HI I have owned several Tag's, my Aquaracer, which have screw in crowns have experienced, swimming, hot wood sauna's and hot tubs. Never had any condensation. My Carrera, while never gone swimming has never fogged up in varying climates. That has been my experience.


----------



## Ducatiti (Jun 29, 2015)

Maiden said:


> HI I have owned several Tag's, my Aquaracer, which have screw in crowns have experienced, swimming, hot wood sauna's and hot tubs. Never had any condensation. My Carrera, while never gone swimming has never fogged up in varying climates. That has been my experience.


Thanks for sharing. Does the movement such 1887 offer more protection in terms with the seals comparing different models and movements? Or in other words, does the saying "You get what you pay for" apply to these watches.

Reason I'm asking is because I just want a peace of mind considering I will be purchasing a premium model in the line-up. Don't want to encounter condensation when washing a watch worth $5k.


----------



## Maiden (Sep 19, 2014)

I don't think you get any premium seals between models, you are paying more for the wonderful, unique movement and the high level of finishing. My 1887 is rated for 100m so that is more than enough resistance to rinse the watch. Mine is on leather so I don't submerse it and use Vereat watch spray mainly to clean. If I had an all steel version I wouldn't be adverse to getting it wet, just don't activate the chrono pushers if under water. Pic of mine below. Please post one of yours when you pick it up.


----------



## Orsoni (Jun 30, 2013)

I've had a Carrera Calibre 16 for about 10 years.

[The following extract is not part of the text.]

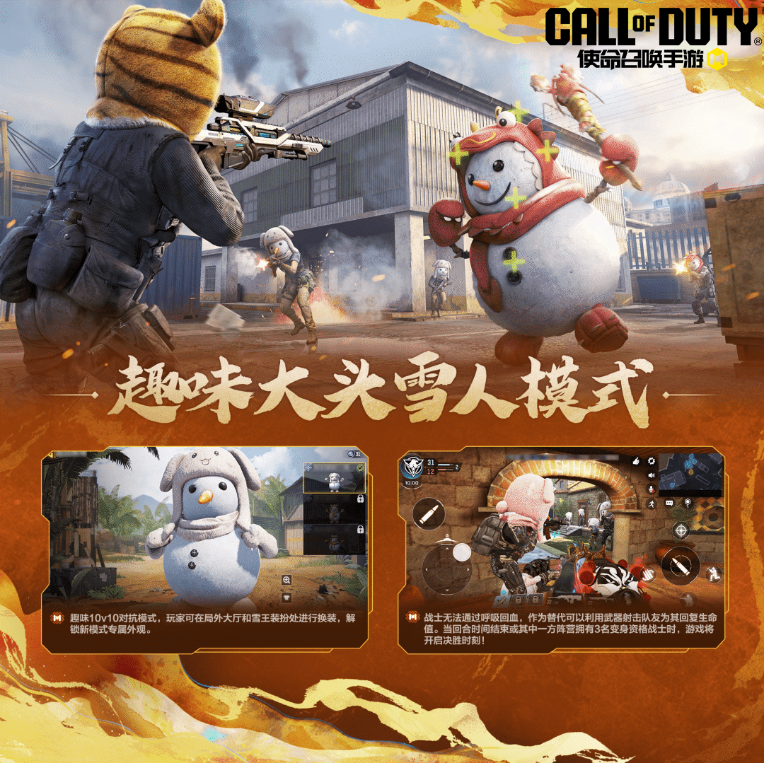 来自打雪仗的快乐,属于童真的狂欢,多人对战-限时-雪人大作战模式将于11月19日(本周三)返场。在该模式中,战士们将体验10V10畅爽激战,积累能量,变身雪人,更有丰富外观等待解锁,快来体验吧!

Today, for the first time, I noticed condensation inside the crystal. After a while, it cleared up.


----------



## Ducatiti (Jun 29, 2015)

Orsoni said:


> I've had a Carrera Calibre 16 for about 10 years.
> 
> Today, for the first time, I noticed condensation inside the crystal. After a while, it cleared up.


What activity did you do which resulted to this?


----------



## cpayton (Jan 3, 2014)

I have a 1999 Tag Heuer 6000 chrono, been in a drawer for awhile. However, I took it waterskiing 2 years ago, no issues!


----------



## arbyjr (Apr 2, 2015)

Only problem that I've ever had was with my original F1.
It was a few years ago I had the watch serviced and a couple weeks afterwards the underside of the crystal started to "haze". Taken back to the watch shop and was told it was from excess oil accumulating on the underside of the glass. They took it back and a few days later all was good. 
Now with this watch it is absent of the screw down crown, but non the less in the 22 years that I've had it I've never had a problem with condensation. It's been in pools, hot tubs, oceans, lakes... I've also taken the watch from -40* temps right into a 70+ degree with nearly no acclimation time, and not once had there been an issue. Never the less, even in the original user guide it warns of the possibility of condensation. 
I figure that even though this would still be a reason to take it to your watch shop and have it looked at. 
As for comparison, this watch is at the very bottom of the price range, but non the less non of my watches have been treated any differently. Even though this may be mentioned in the manual, I would have the watch back or just to the watch shop at the very first instance...


----------



## enricodepaoli (Feb 24, 2008)

Condensation is not a quality issue. It is a physical one. It may happen if the watch has humid warm air inside of it and it suddenly encounters cold temperatures. That humidity from the air inside the watch will condensate into tiny water particles inside the cold glass. Although it is not a common thing, it may happen in extreme cases. 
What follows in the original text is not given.